If you're wondering how a red isopod would look... feast your eyes!


----------



## varanoid (Jan 21, 2011)

Wow that is pretty. The closest to that in terms of color that I have seen here in the states are the Spanish Oranges. Any other information you come across regarding peoples experience with them would be appreciated.


----------



## Louis (Apr 23, 2014)

I culture these the same way as 'dwarf purple' and dwarf white tropical isopods. They definately don't reproduce as fast as dwarf purples but I like to offer my geckos a decent variety of livefood.
Original specimens the cultures were started from were collected from underneath loose bark on fallen logs. Some individuals are much redder than others.


----------



## Scarecrow (Aug 28, 2017)

Louis said:


> I culture these the same way as 'dwarf purple' and dwarf white tropical isopods. They definately don't reproduce as fast as dwarf purples but I like to offer my geckos a decent variety of livefood.
> Original specimens the cultures were started from were collected from underneath loose bark on fallen logs. Some individuals are much redder than others.


Interesting stuff! Where roughly did you collect yours from?

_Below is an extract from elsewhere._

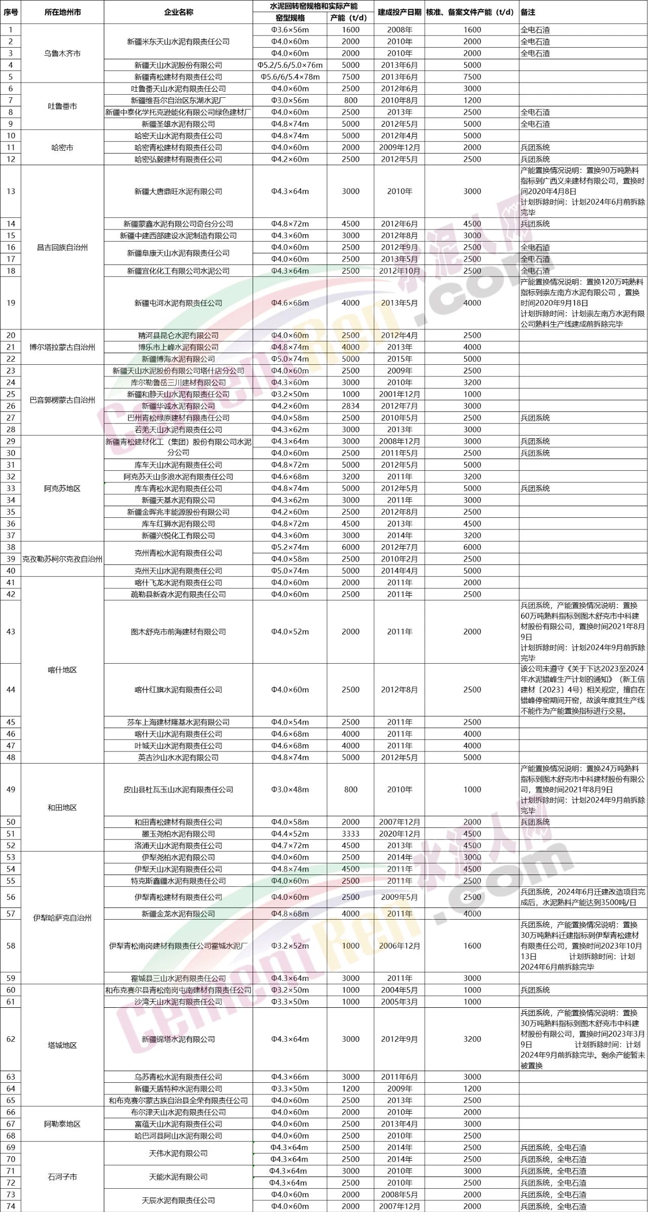 日前,新疆工信廳發(fā)布截至2023年12月底的水泥熟料生產(chǎn)線清單,74條熟料生產(chǎn)線合計(jì)產(chǎn)能6608.01萬噸/年。其中,全電石渣生產(chǎn)線共14條熟料生產(chǎn)線。

Also do you have any images of your cultures?


----------



## Louis (Apr 23, 2014)

I collected mine in central scotland from mixed woodland, I don't have any pictures of my cultures but I just keep them in plastic tubs with chopped twigs, leaves and lichen as the suibstrate and feed them aquarian brand fish flakes. 
I've not looked for them anywhere else in the UK but I wouldn't fancy your chances in any big cities, isopods seem to be a LOT more scarce in the UK these days.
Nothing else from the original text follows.